After my father died, one of his old running buddies told me that he prays for my dad every day. Of course I didn’t say what was on my mind, not wanting to freak the old guy out, but what the hell was he praying for? If dad made it to heaven, he shouldn’t need prayers, should he? And if there is a hell and he’s in it, what good would prayers do? God emails Satan, saying “Hey, turn down the temperature from 8 billion degrees, to about 7.9 billion” ?

???

One retired Episcopal bishop says that prayers are the adult version of letters to Santa Claus.

I’m confused.

Is that a rant about prayers regarding the Pope, or a dig at the whole concept of prayer?

If the former…why is the subject matter of prayer important, since your arguments about the “silliness” of it apply to any prayer.

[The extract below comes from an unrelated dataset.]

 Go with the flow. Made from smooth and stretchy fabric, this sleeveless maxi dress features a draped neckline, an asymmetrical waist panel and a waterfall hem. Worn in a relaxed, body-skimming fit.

If the latter, why not just come out and say “anyone who has ever prayed is an idiot”?

It seems like the primary debating tactic of religious apologists is to passive-aggressively fish for insults rather than back up their claims.

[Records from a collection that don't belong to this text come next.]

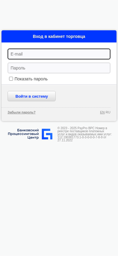 | Название / Заголовок | PayPro BPC Номер в реестре поставщиков платежных услуг и видов оказываемых ими услуг: 112.190381773.1-0-3-0-0-0-7-8-9 от 27.11.2022 |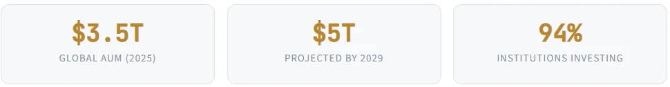 The global market has reached $3.5 trillion in AUM and is projected to hit $5 trillion by 2029 (Morgan Stanley).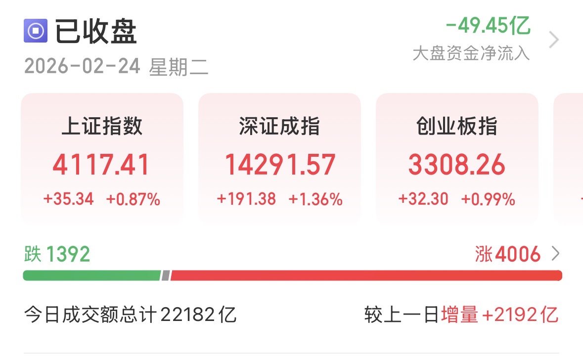 2月24日,A股迎来春节后开门红,三大指数全线收涨。截至收盘,沪指涨0.87%,报4117.41点;深证成指涨1.36%,报14291.57点;创业板指涨0.99%,报3308.26点。全市场成交额突破2.2万亿元,较上一交易日放量超2000亿元,量能显著释放。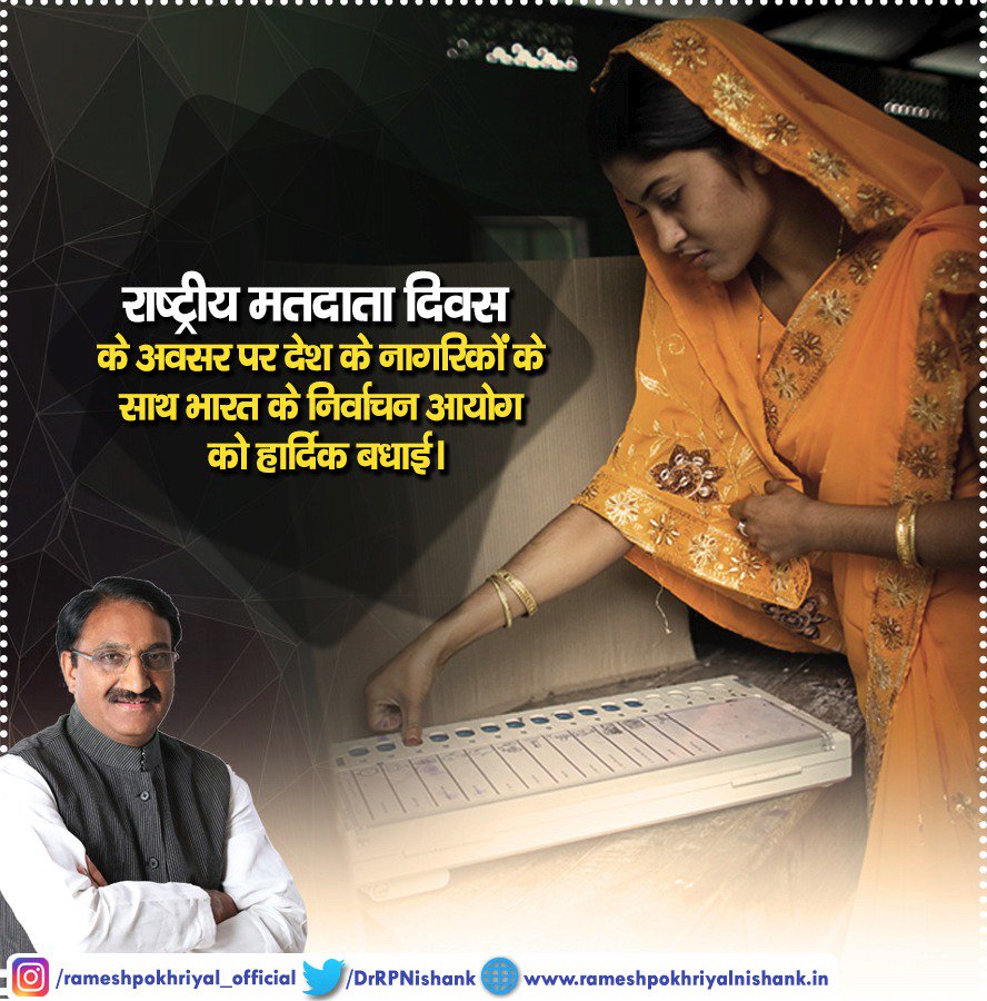 राष्‍ट्रीय मतदाता दिवस के अवसर पर देश के नागरिकों के साथ भारत के निर्वाचन आयोग को हार्दिक बधाई। #NationalVotersDaypic.twitter.com/aLHshBshvM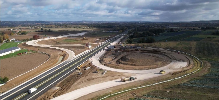 Sur l’A62, VINCI Autoroutes poursuit les travaux du futur échangeur d’Agen-Ouest, situé sur les communes de Brax, de Roquefort et de Sainte-Colombe-en-Bruilhois, avec pour objectif une
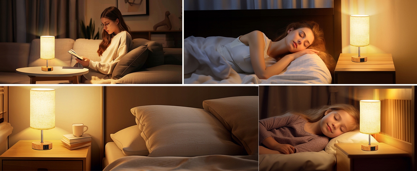 Набор прикроватных ламп - набор светильников спальни с 3 уровнями затемнения, с портами USB C+A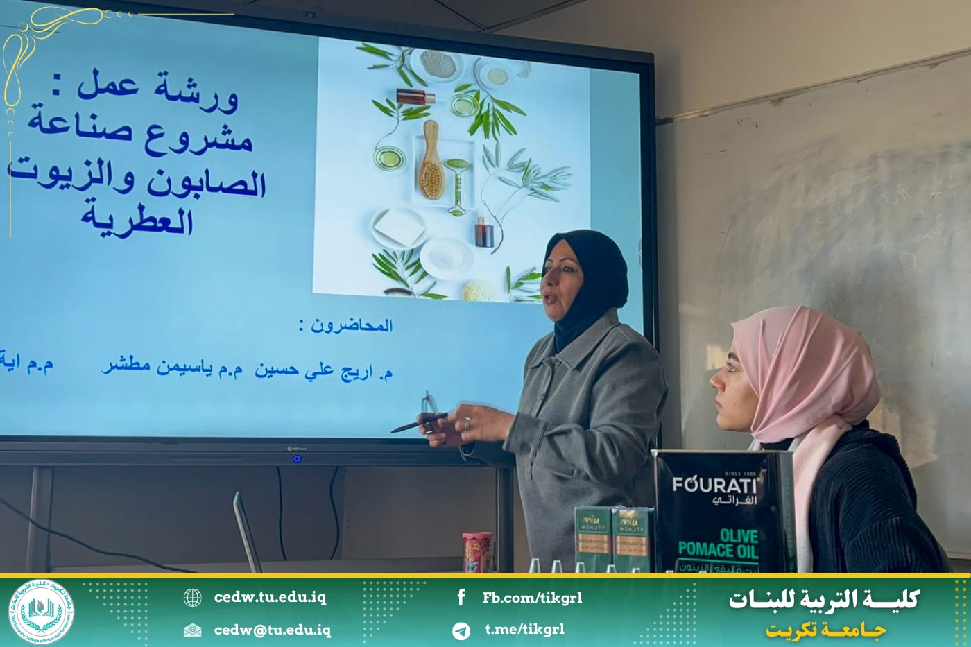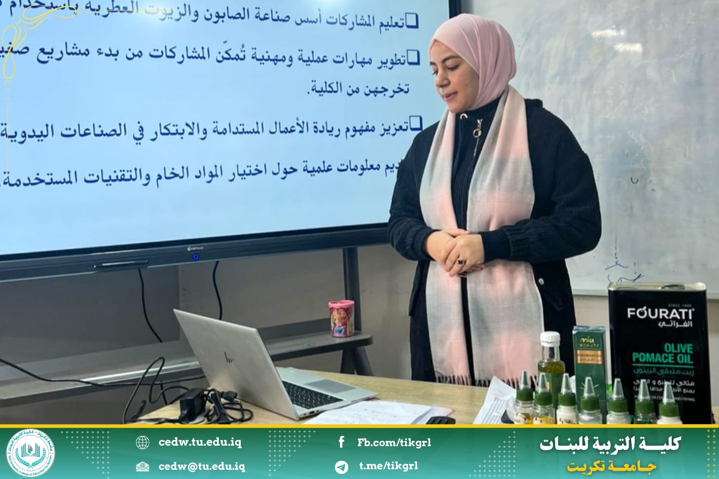 بدأت دورة اليوم الاول في قسم الكيمياء عن كيفية صناعة الصابون الطبيعي والزيوت العطرية الصديقة للبيئة حيث تضمنت جانب نظري وافي وخطة العمل ومن ثم التطبيق المباشر في المختبر

Well, the Cardinal might be wanting people to pray that the Pope gets better, or isn’t in pain or something. Or maybe it has something to do with that purgatory thing. Prayers help there, I’m pretty sure.

Believe it or not, I’m truly wondering if somebody at the Cardinal level actually thinks these things through. How could a bunch of people praying for the Pope actually change anything? It’s obvious that I think the whole thing is bunk, but if there actually was a supreme diety who had a plan for somebody, wouldn’t the pope qualify? It would seem to me that this is very different from saying “anybody who prays is an idiot”. The pope has to occupy a somewhat slightly different position than the common man in the eyes of the religious, and there ought to be obvious reasons and goals of the prayers, no?

No it’s not different from a general slam against the practice of prayer. You’re saying (essentially) " why should anyone pray for the Pope…because any supreme diety has already decided the course of action."

That same line of thinking applies to ALL prayer requests, doesn’t it?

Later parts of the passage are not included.